A surprisingly super start to this season quickly started to slip away and Keane’s honeymoon period is now well and truly over. All of a sudden he is beginning to lose the faith of the crowd. The fans have turned too on chief executive Simon Clegg (‘lack of football knowledge’) and saviour but faceless owner Marcus Evans (‘only wanted a big name to market his brand name’). However both have stood by their manager and at the recent PLC AGM Clegg stated “We all know that Roy is a very driven individual, a very focused individual not used to accepting failure and if there’s anyone who can turn it around, Roy Keane can.” At least one Ipswich tradition survives – giving a manager time.

Aspects of Keane’s management methods are now being questioned – ruling by fear has been a theory – but not backed up with much evidence, although ex-player Jon Walters dished the dirt after he left, talking about players ‘walking on eggshells’. Poor signings have been prevalent, most notably the ineffective Lee Martin signed for over £1 million and on a four year contract. (He is currently on loan at Charlton).

Keane’s tactics, substitutions, motivational skills and over reliance on loan signings have been brought into real question and the local newspapers’ and fans’ forums have been rife with the growing calls of ‘Keane out’. The poor quality of football and lack of goals have peeved them most and attendances are dipping fast. The feat of reaching the Carling Cup semi-final has largely been ignored, almost like a sort of side-show achieved by some other local team!

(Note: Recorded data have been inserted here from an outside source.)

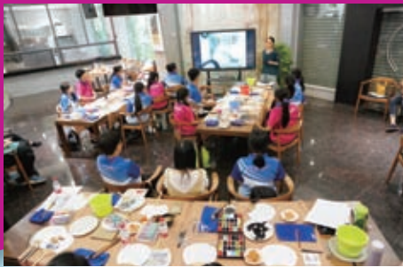
陳黃同學都留心聽課，了解團扇的來由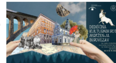
Plakat za Dneve evropske kulturne dediščine v Sloveniji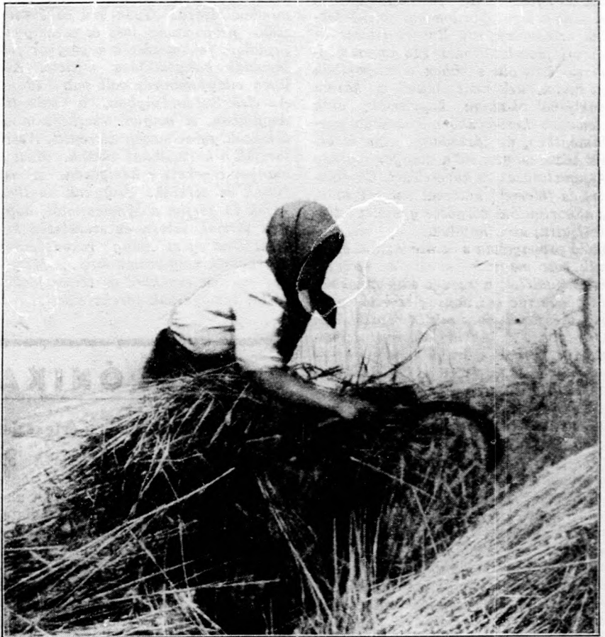
Itt az új élet!

hagymáról és cikóriáról volna szó. Az így termelt magvakat vámmentesen szállítják ki Némefországba. A jövőben a vámmentesség megmarad, de az export mennyiségét husz százalékkal megnövesztettük. A másik jelentős esemény a halkereskedelmet illeti.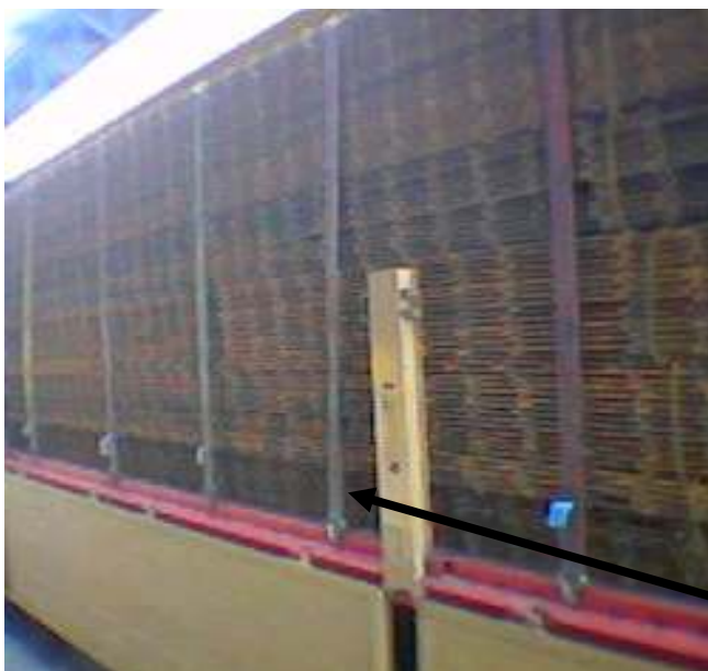
Abb. 19: Fehlendes Etikett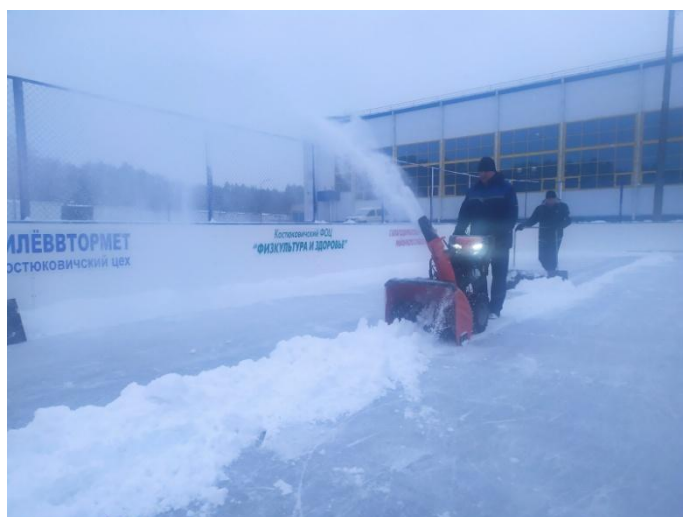
Подготовка коробки к соревнованиям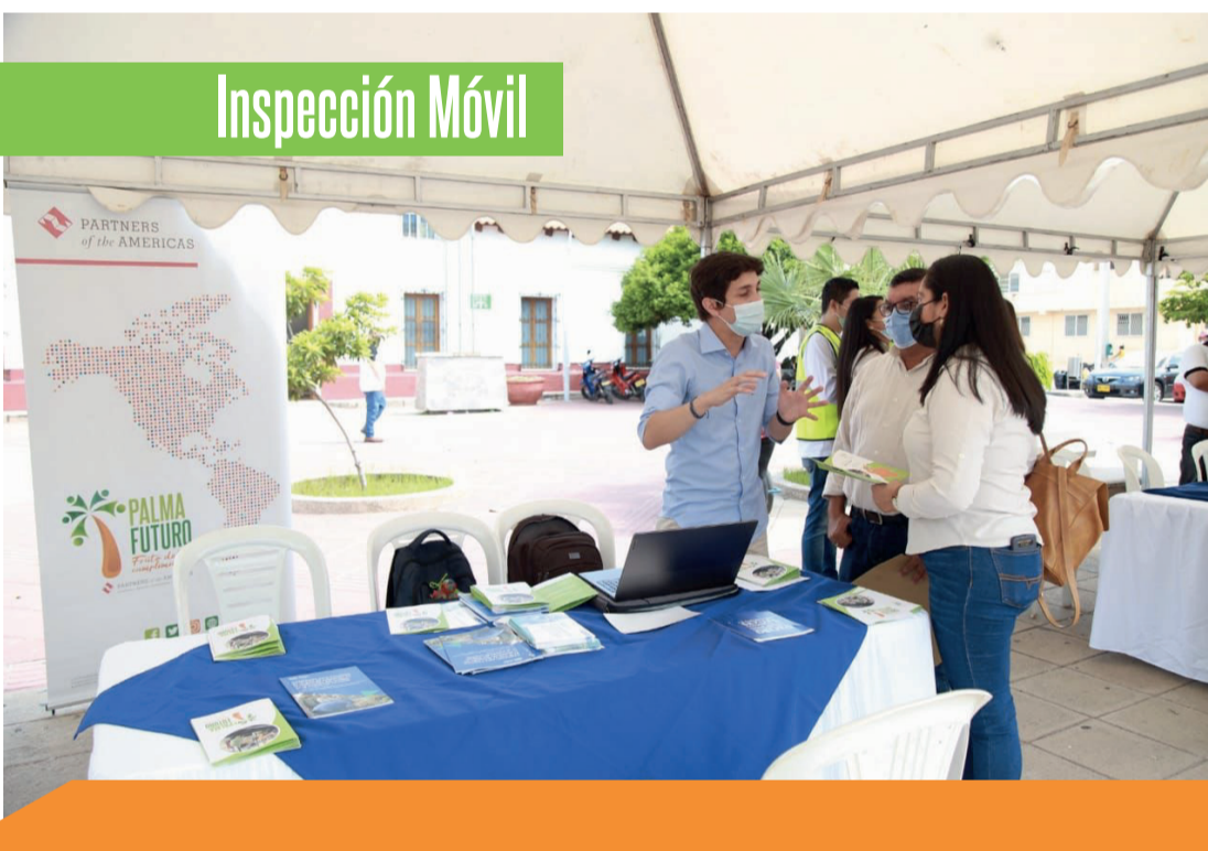
Evento Inspección Móvil Agustín Codazzi, Cesar

Partners of the Americas fue una de las organizaciones invitadas al evento "Inspección Móvil" organizado por el Ministerio del Trabajo de Colombia en el municipio de Agustín Codazzi, Cesar.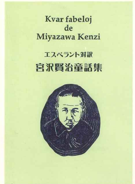
『エスペラント対訳宮沢賢治童話集』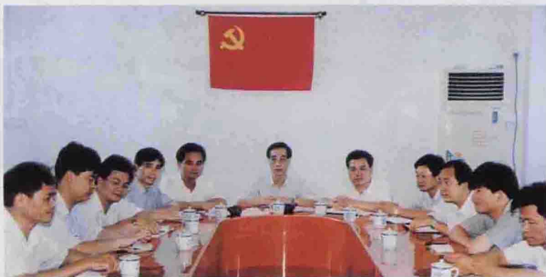
▲ 团结务实、开拓进取的领导班子

双溪镇地处 埔饶交界、梅潭 河上游，省道 1938 茶上线贯穿 全境，境内资源 丰富，主要有石 灰石矿产和久负 盛名的三溪茶， 境内有清泉、远 水两溪，水力资 源丰富。现有镇 建水电站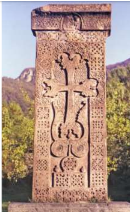
Նկ. 3. Հադլատ, Ուբանաց առաջին խաչքար, 1211 թ.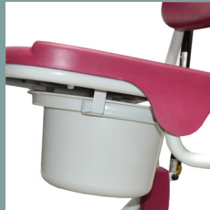
Option seau réf. 5600.10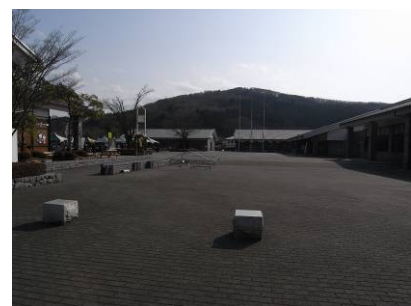
埼玉伝統工芸会館中庭より望む仙元山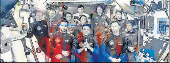
आईएसएस में विदाई समारोह के दौरान शुभांशु शुक्ला व अन्य अंतरिक्ष यात्री।

अंतरिक्ष यात्री शुभांशु शुक्ला ने रविवार को कहा कि भारत अंतरिक्ष से महत्वाकांक्षा, निडरता, आत्मविश्वास और गर्व से भरा नजर आता है। शुक्ला ने भारत के प्रथम अंतरिक्ष यात्री राकेश शर्मा के 1984 में कहे शब्दों को दोहराते हुए कहा, आज भी भारत ऊपर से सारे जहां से अच्छा दिखता है। उन्होंने आईएसएस पर एक्सओम-4 मिशन के अंतरिक्ष यात्रियों के लिए आयोजित विदाई समारोह में यह कहा। शुक्ला ने आईएसएस में अपने प्रवास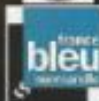
Illustration par Anne-Sophie - Art 214 - www.art214.com

However, Keane has not only been resolute but totally honest in the assessment of his underperforming team’s efforts – despite claiming when he arrived, it would be promotion in two years. Wearingly, the same excuses are trotted out. Admittedly there have been injuries to key players and with a small squad Keane has been forced to give chances to promising young players who have come through the youth team. There have been plusses from this. For instance, seventeen year old Connor Wickham has been talked about as a £10 million target for the big clubs.

On the down side Keane has also criticised the supporters for not having enough footballing knowledge, after they began to show their feelings during a dire 3-1 home defeat against Barnsley. This has not gone down well and led to the fans really turning against him. In the league, the team are on a long losing run – the defence gifting goals, the attack profligate. Confidence is low. The heavy defeat at local rivals Norwich late November was possibly the final straw.

Was Keane’s success at Sunderland just a fluke? Is he so single-minded he fails to learn from mistakes or listen to advice? Is it just that Ipswich isn’t the club for him and a variety of things including lady luck have conspired against him? Whatever happens, Keane has rarely been out of the news with the media picking up on any controversial remark. Maybe this has given the owner the publicity he wanted but so far without the essential money gained from promotion to the Premier League. The owner is a shrewd businessman and wants to make money, not massage his own ego.

Now it seems Keane’s days may well be numbered. He walked from Sunderland when things got too much. Many think pride will kick in and he won’t see out his two year contract if there isn’t a big improvement in the club’s fortunes – even if Evans doesn’t give out the P45. Nevertheless failure is alien to him, but in his post match interview after the defeat at bottom of the table Preston recently, he had the demeanour of a man on his way to the gallows. He followed this by saying, “I’ve been very lucky. I have another life outside football. My life won’t crumble on Saturday night if I lose my job. I’ve got a great life, best life ever.” Keane has amassed a huge fortune and maybe he might just want to walk his dogs full-time. Or maybe not? Some might bet on him turning things around – no matter how impossible it looks? Just a very small wager though!